These results indicated that GmMYB118 could improve tolerance to drought and salt stress by promoting expression of stress-associated genes and regulating osmotic and oxidizing substances to maintain cell homeostasis.

摘要

背景

非生物胁迫严重影响植物的生长和发育。MYB 转录因子(TFs)作为最大的 TF 家族之一,在非生物胁迫响应中发挥重要作用。

结果

我们鉴定了 139 个大豆 MYB 相关基因;这些基因根据其保守结构域分为 6 组,并分布在 20 条染色体(Chrs)上。定量实时 PCR(qRT-PCR)表明,GmMYB118 对干旱、盐和高温胁迫高度响应;因此,选择该基因进行进一步分析。亚细胞定位表明 GmMYB118 蛋白位于细胞核内。
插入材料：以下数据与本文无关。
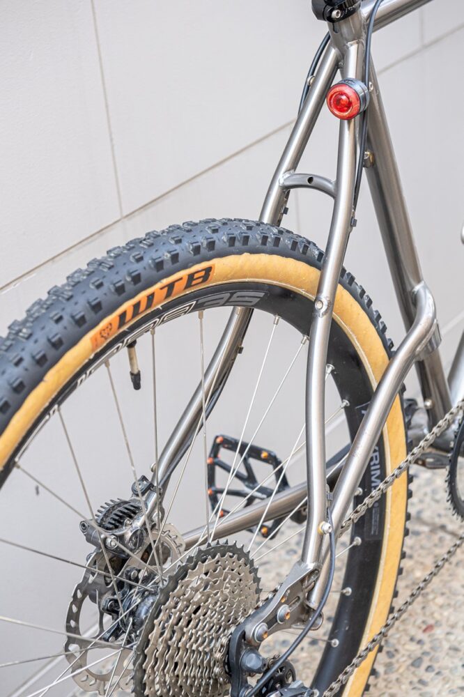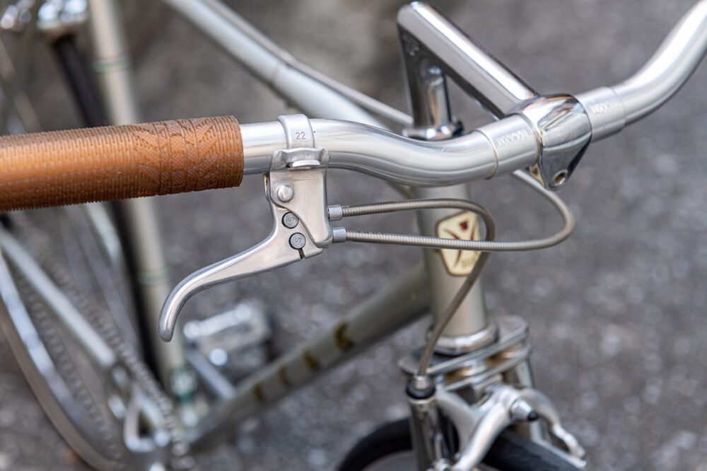 純粋なレース仕様のため、ワイヤー受けなどの配置が自転車を担いだ時にジャマにならない仕様で、オーダー自体の待ち時間は2年ほどかかることも。ブルースゴードンのオリジナルの貴重性の高いブレーキや、あまり採用されることの少ない珍しい形モノステーのシートステイなど、各パーツにもこだわりが随所に詰まっている。
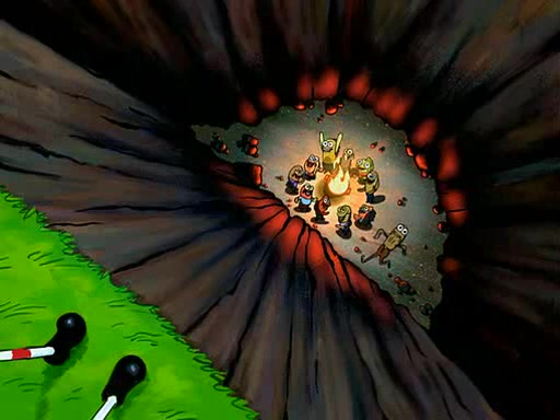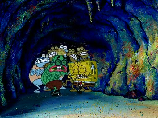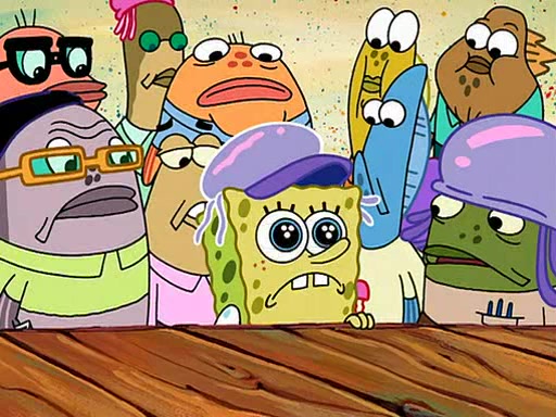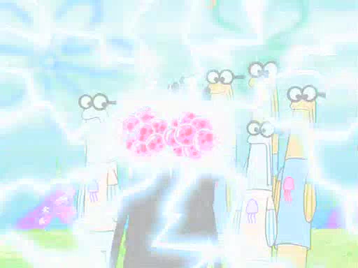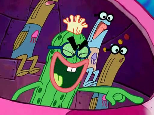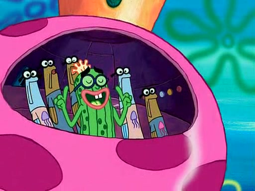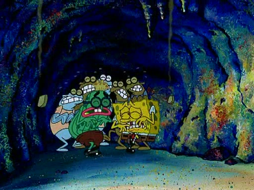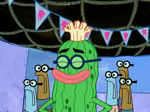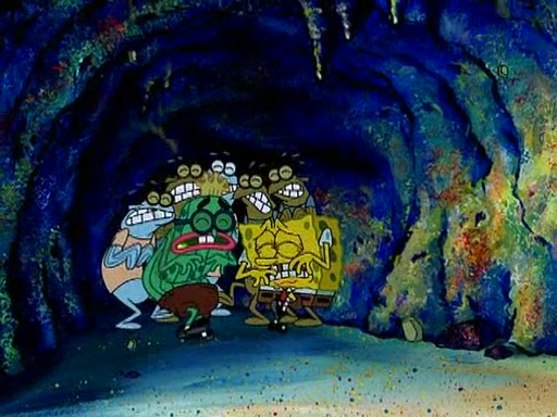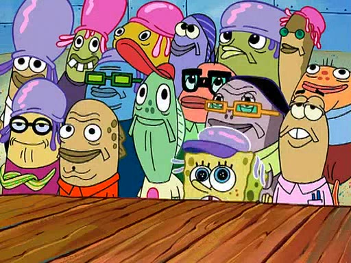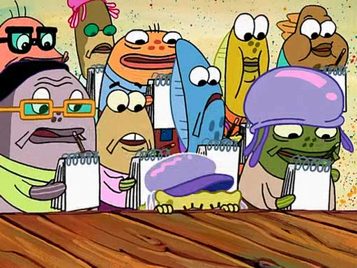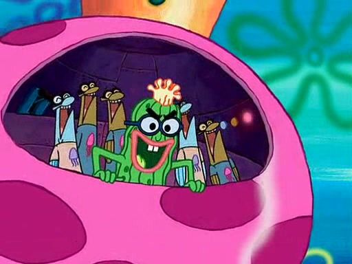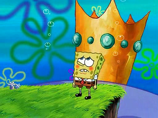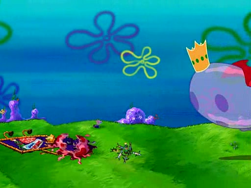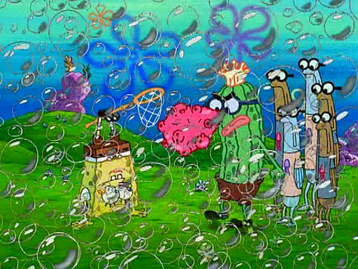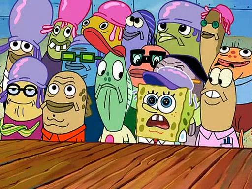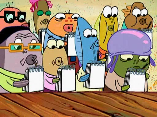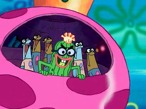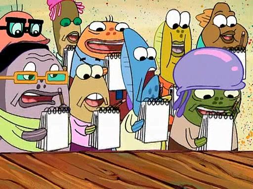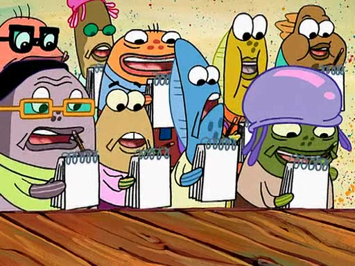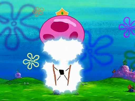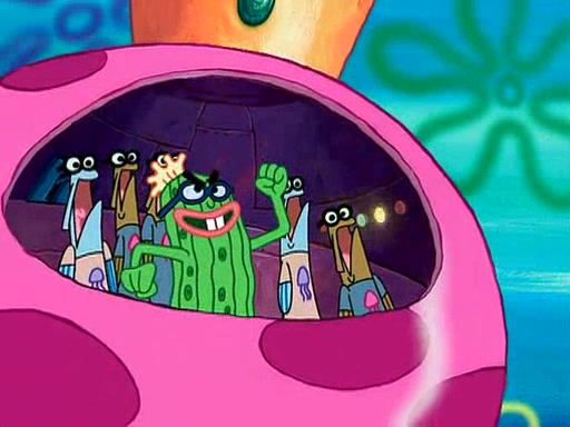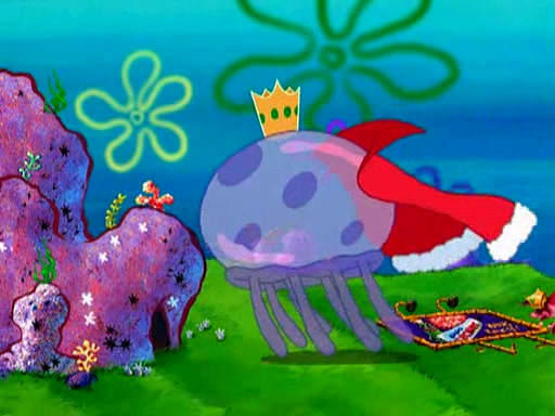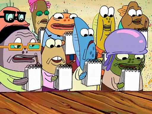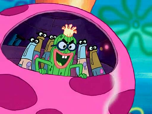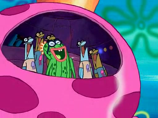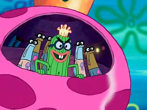Four Hours Later, SpongeBob is very tired and prepared to give up. He tries to tell Kevin that the call isn't working, but finds that he is gone. Suddenly, a queen jellyfish appears above SpongeBob and begins chasing him. Eventually, the queen corners him at the edge of a cliff, where it is revealed that it is a robot controlled by Kevin and the anchovies, who reveals his true intentions to SpongeBob and shows him several other people at the bottom of the pit below, who were his former "biggest fan"s. Before he can force SpongeBob off the cliff, however, King Jellyfish appears and falls in love with the queen jellyfish. He tries to kiss her, and they all start running away. Soon, the queen jellyfish crashes into a billboard, destroying it. When King Jellyfish sees this, he becomes angry and chases down SpongeBob, Kevin, and the anchovies, eventually cornering them in a cave. Kevin panics, and admits that he has no actual expertise in dealing with jellyfish (because he was just in it for the fashion) . SpongeBob is the only person brave enough to confront him, and blows a giant pie bubble, which King Jellyfish takes and leaves. Kevin asks how was he able to do it. SpongeBob simply answers "Everyone loves pie!". The anchovies congratulate SpongeBob for saving them all, but Kevin says that SpongeBob is still not in the club because he did not catch a queen jellyfish. The anchovies think that SpongeBob is a more worthy leader than Kevin, and tear off his headcap, giving it to SpongeBob as a "crown".

GmMYB118 的异位表达(EX)增加了对干旱和盐胁迫的耐受性,并调节了转基因拟南芥植物中几种与胁迫相关基因的表达。同样,通过发根农杆菌(A. rhizogenes)介导的毛状根转化过表达(OE)大豆植物表现出提高的耐旱性和耐盐性。此外,与对照(CK)植物相比,经成簇规律间隔短回文重复(CRISPR)转化的植物耐旱性和耐盐性降低。干旱和盐胁迫条件下,OE 植物中的脯氨酸和叶绿素含量明显高于 CK 植物,而 CK 植物中的含量高于 CRISPR 植物。相比之下,OE 植物中的活性氧(ROS)和丙二醛(MDA)含量在胁迫条件下明显低于 CK 植物,而 CK 植物中的含量低于 CRISPR 植物。

结论

这些结果表明,GmMYB118 通过促进与胁迫相关基因的表达和调节渗透和氧化物质来维持细胞内稳态,从而提高对干旱和盐胁迫的耐受性。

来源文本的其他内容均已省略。